# Tivo and Spectrum cable



## boydn1 (Apr 17, 2020)

Hope this is the right forum for this.
I've been using Windows Media Center with a cable card and TA with Charter for a LONG time. For a variety of reasons it's time to move on.
Looking at the Tivo line, Bolt VOX or Edge? 
What are the real life benefits and pitfalls of the two and not so obvious differences?
Anybody know how the guide compares to Spectrum? 
Can you setup a "Favorite" channel?
Can you only show channels that you subscribe to?
Also as an after thought, can you use Spectrum "On Demand?"
Thanks in advance


----------



## Noelmel (Nov 6, 2014)

I’ve been using my Roamio Pro since 2014 with Time Warner (so now Spectrum) so I cant speak to the pros / cons of Bolt Vox or Edge but I can say the guide is very similar except for sometimes the company they use doesn’t download the guide data as accurately further out (goes for 12 days out) 

You can set up favorites (I only use this view). You can also view channels you receive. Or ALL channels. 

You cannot get on demand. But if u have spectrum internet then you can view it on a website on your computer. 

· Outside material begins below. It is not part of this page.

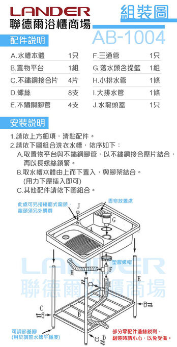 聯德爾《AB-1004》ABS組合式洗衣水槽(牙色)

I used to rent 2 DVRS from time warner for years. So trading them in saved me the box rental fees and DVR fees. You only need a cable card (they charge me $2.50) and in my area (I don’t know if everyone does?) I need a tuning adaptor (free) So the cost of my TiVo and lifetime service I broke even in less than 2 years. 


Sent from my iPhone using Tapatalk


----------



## boydn1 (Apr 17, 2020)

Noelmel said:


> I've been using my Roamio Pro since 2014 with Time Warner (so now Spectrum) so I cant speak to the pros / cons of Bolt Vox or Edge but I can say the guide is very similar except for sometimes the company they use doesn't download the guide data as accurately further out (goes for 12 days out)
> 
> You can set up favorites (I only use this view). You can also view channels you receive. Or ALL channels.
> 
> ...


Thanks for the quick reply. Do you have the video switched through a receiver or straight to the TV? The only real issues I ever had was with "protected" content and HDCP handshake between devices.
Thanks again


----------



## Noelmel (Nov 6, 2014)

Honestly my dads a retired electrician and set it up lol but pretty sure it’s just straight from the wall into the tuning adaptor and TiVo. There’s no splitter or switch 


Sent from my iPhone using Tapatalk


----------



## cwoody222 (Nov 13, 1999)

boydn1 said:


> Thanks for the quick reply. Do you have the video switched through a receiver or straight to the TV? The only real issues I ever had was with "protected" content and HDCP handshake between devices.
> Thanks again


If set up properly, you can use a receiver with TiVo, including protected content. You shouldn't have and handshake issues.


----------



## dlfl (Jul 6, 2006)

There have always been horror stories related to TiVo+TA's+Spectrum on this forum and my impression is they have been surging in the last year or so. You have already been using CableCARD plus TA (successfully?) so maybe you will escape the problems. But as a matter of due diligence I would suggest you search these forums for threads with "spectrum", "tuning adapter", "TA" or "SDV" in their title. Also post your location since such problems are specific to certain Spectrum regions.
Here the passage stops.